The group filed a class action anti-trust lawsuit against World Poker Tour Enterprises, Inc. late last year. This was followed in April this year by a request from the players for a summary jurdgement, now denied.

WPT's legal counsel Adam Pliska applauded the Judge's decision, saying: "We are very pleased with Judge Wright's order denying the Motion for Summary Judgment. We feel that this decision confirms our contention that this case is without merit."

Some of the players have refused to play in WPT events until the issue is resolved, claiming that the WPT restrictions deny fans the chance to see top players competing. There is as yet no indication of when the issue will be heard in full in court, and there has thus far been little indication that a settlement might be achieved.
what is the issue? WPT doesn't allow "pros" to enter anymore?

i don't know what harm it could do to have a "pro tour" like golf, where the top 500 or so poker pros (the names everyone knows) have their own private circuit. this would be better for tv, and i know a lot of the "old boys" and the big names seriously dislike how internet/amateur players play against them. calling down a star to try and bust them, super aggressive play mostly preflop, etc.

you could still have open tournaments, but the tour/circuit events could be for card-carrying members of that league only. and of course you could easily have more circuits for the other career players, like european and north american tours. and it would take great performance to get promoted to the "big" league, maybe only the top money winner or the overall highest finisher (or a more advanced ranking like tennis has) from each circuit would get a free pass into the "world" tour. a tiered system would be good for the household names and the up and comers.
Quote: ....that the releases that players are required to sign before they can play in WPT events infringed on their personal property rights and prevented them from pursuing their livelihood of professional poker.
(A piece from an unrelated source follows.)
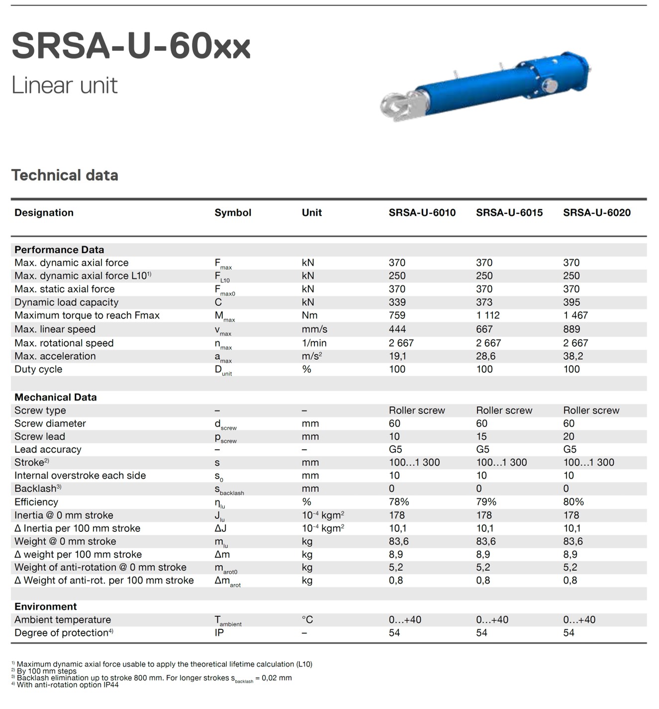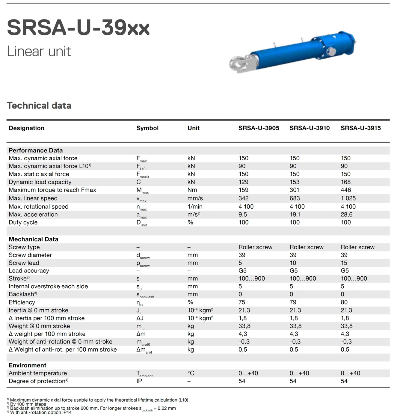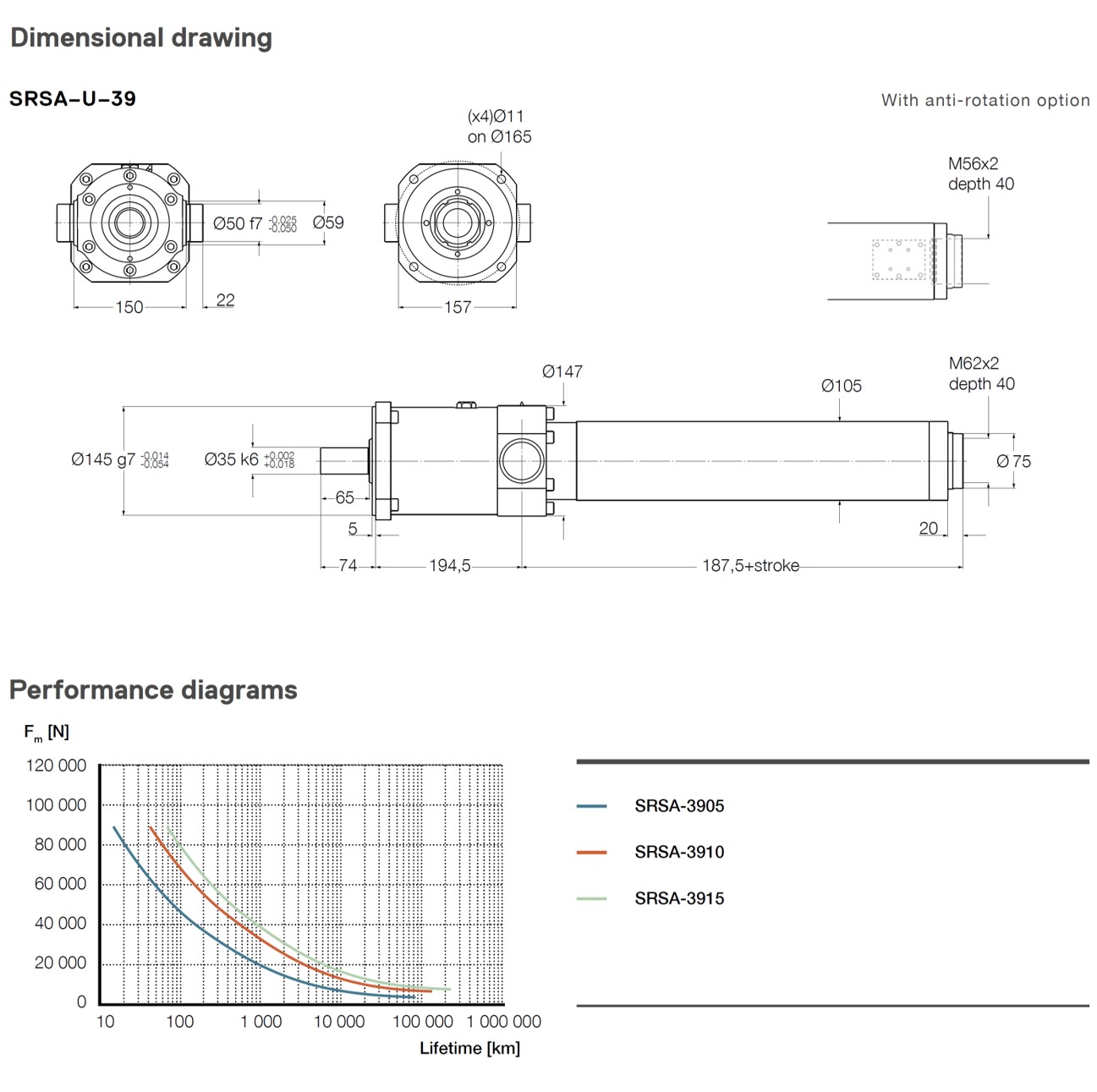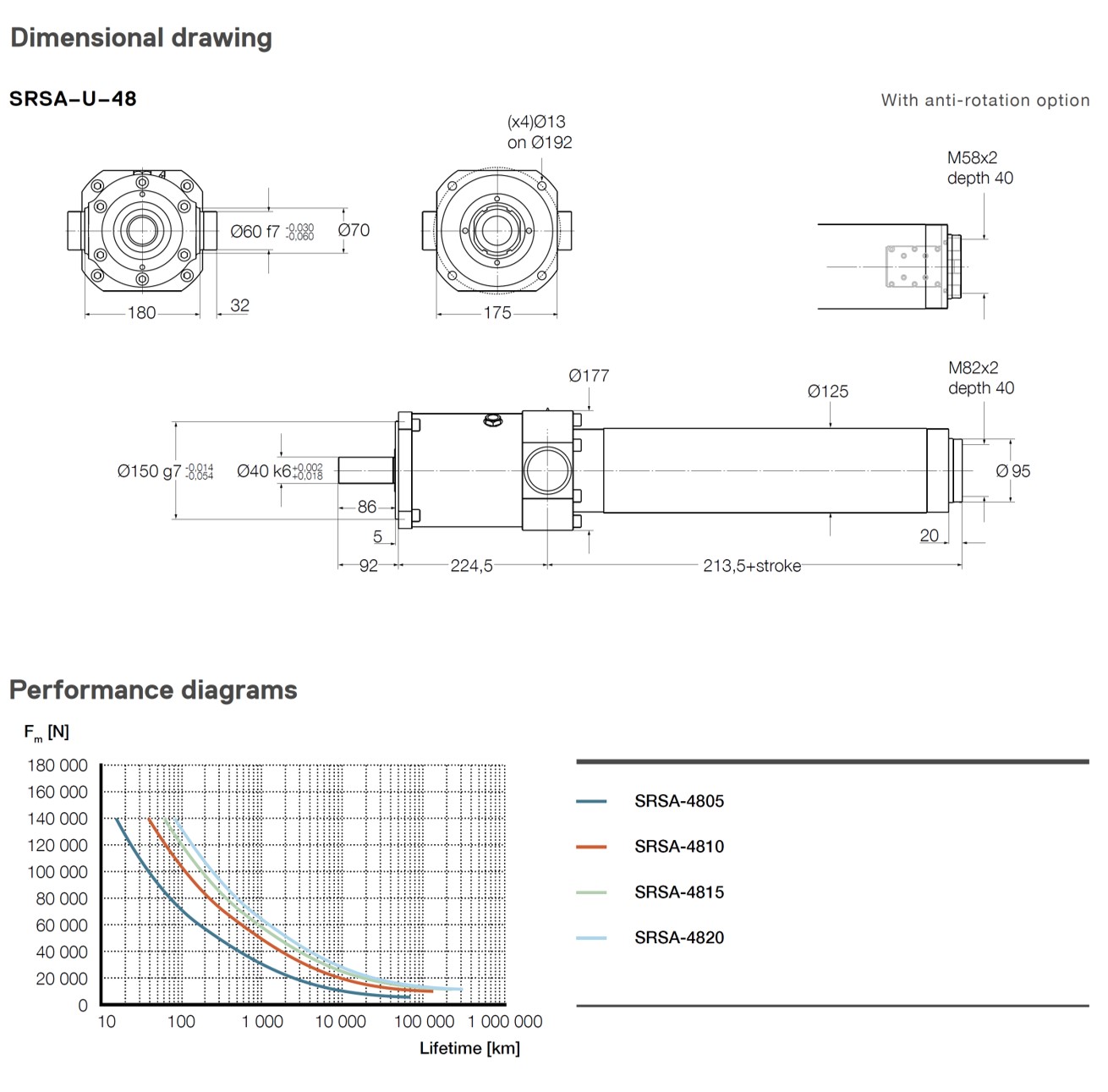 Max 500kN의 최대 힘을 가진 SRSA는 높은 하중을 필요로 하는 애플리케이션에서의 전기 실린더 사용이 가능하게 하여, 유압실린더 만의 영역에서도 적용이 가능하도록 하였습니다.

Unquote

It's more to do with individual image and reputation rights.
I had a discussion with Annie Duke at UB about this. Her opinion (which I agree with) is that WPT used their images in direct violation of other agreements tmany pros had already made. For example Annie Duke has (had?) an endorsement deal with Ultimate Bet, her image was being used to promote WPT's online poker room. Her contract with UB forbids this not to mention it is shady for the WPT to force you to be used in promotions beyond broadcasting of the event. Many other pros holding deals with Stars and Full Tilt agree and are all along together. She told me at the table many of the pros walked about of an event refusing to sign away. OTOH nobody forces you to play in these tournaments.
I can understand the concern of pros to protect their right to manage the "property" of their images and names....and how sponsors or associates other than WPT may feel about WPT trying to exercise some control over this.
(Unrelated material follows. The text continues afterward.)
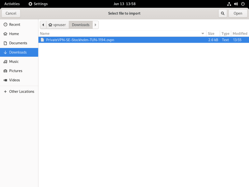 Proceed to the extracted configuration file folder then choose your preferred VPN location. Click Open.
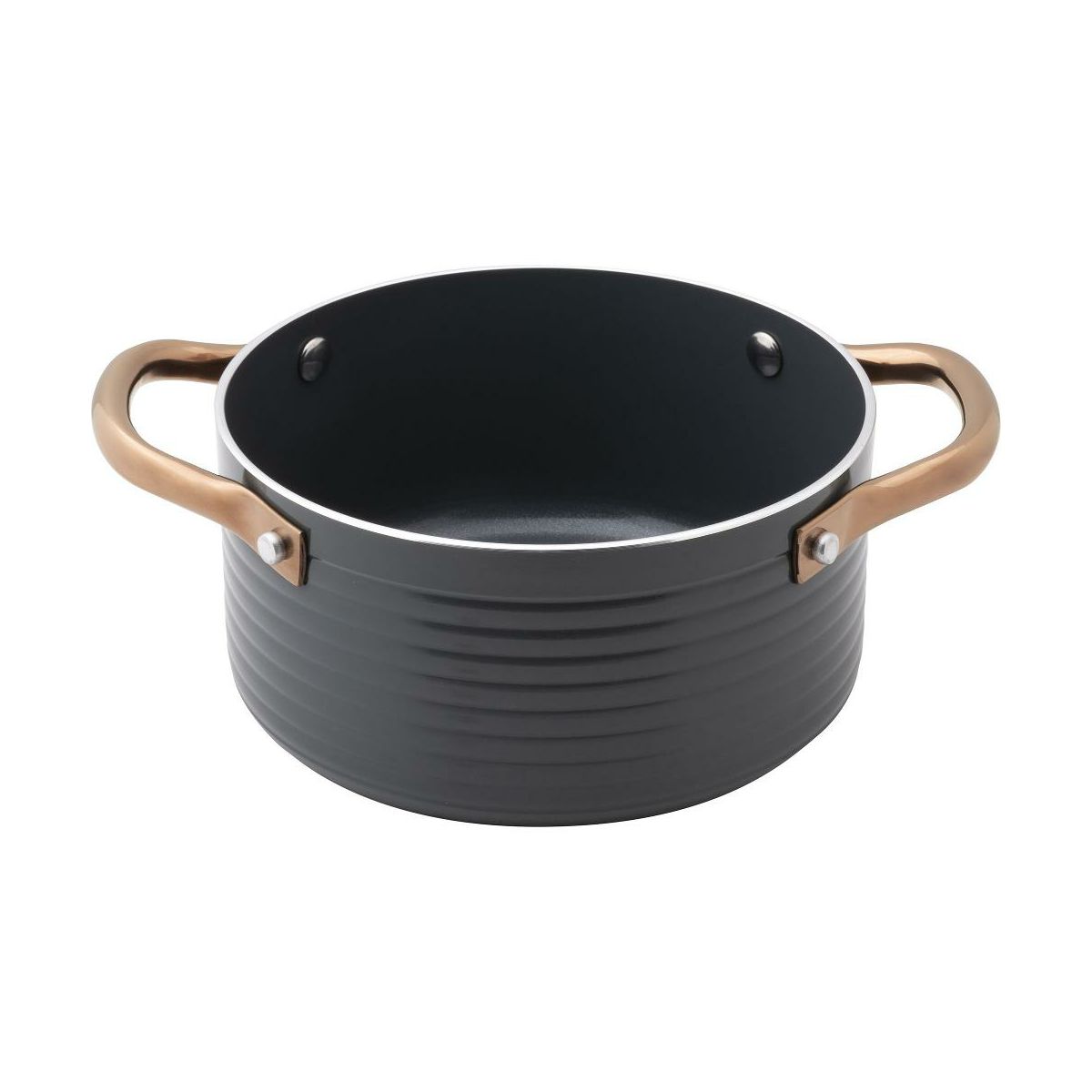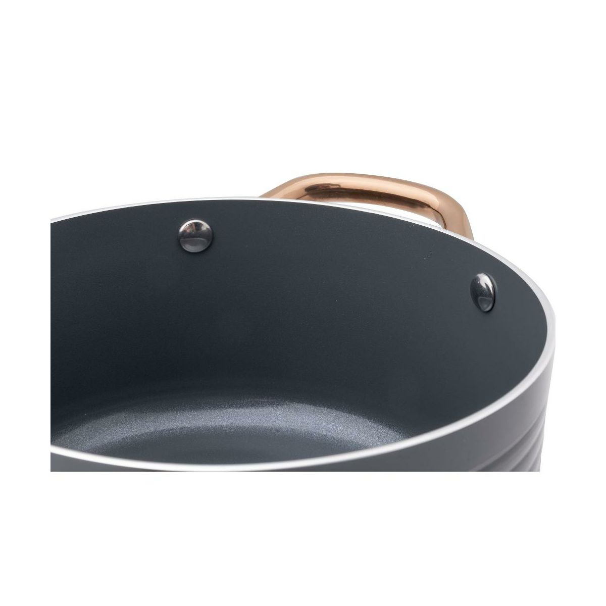•Trpežen aluminij z nelepljivo površino: Lonec je izdelan iz visoko kakovostnega aluminija, ki omogoča hitro in enakomerno porazdelitev toplote po celotni površini. Notranja nelepljiva prevleka preprečuje prijemanje hrane in omogoča kuhanje brez odvečnega olja.

Your point is well made that noone is forcing them to play in WPT tourneys. I guess WPT events constitute a significant enough portion of the available earning pool to motivate the pros into contesting the release form requirement - perhaps in the hope of eventually getting a settlement.

Unfortunately that doesn't look likely right now, and some bad feeling on both sides is a dangerous possibility.

That's a pity because these are big names that can enhance interest and publicity on WPT events and television coverage.


also, playing at online casinos you agree to be available for promotions if you win a big one, so if say negreanu wins the stars sunday million, they could use his name and picture in promotions and advertisements.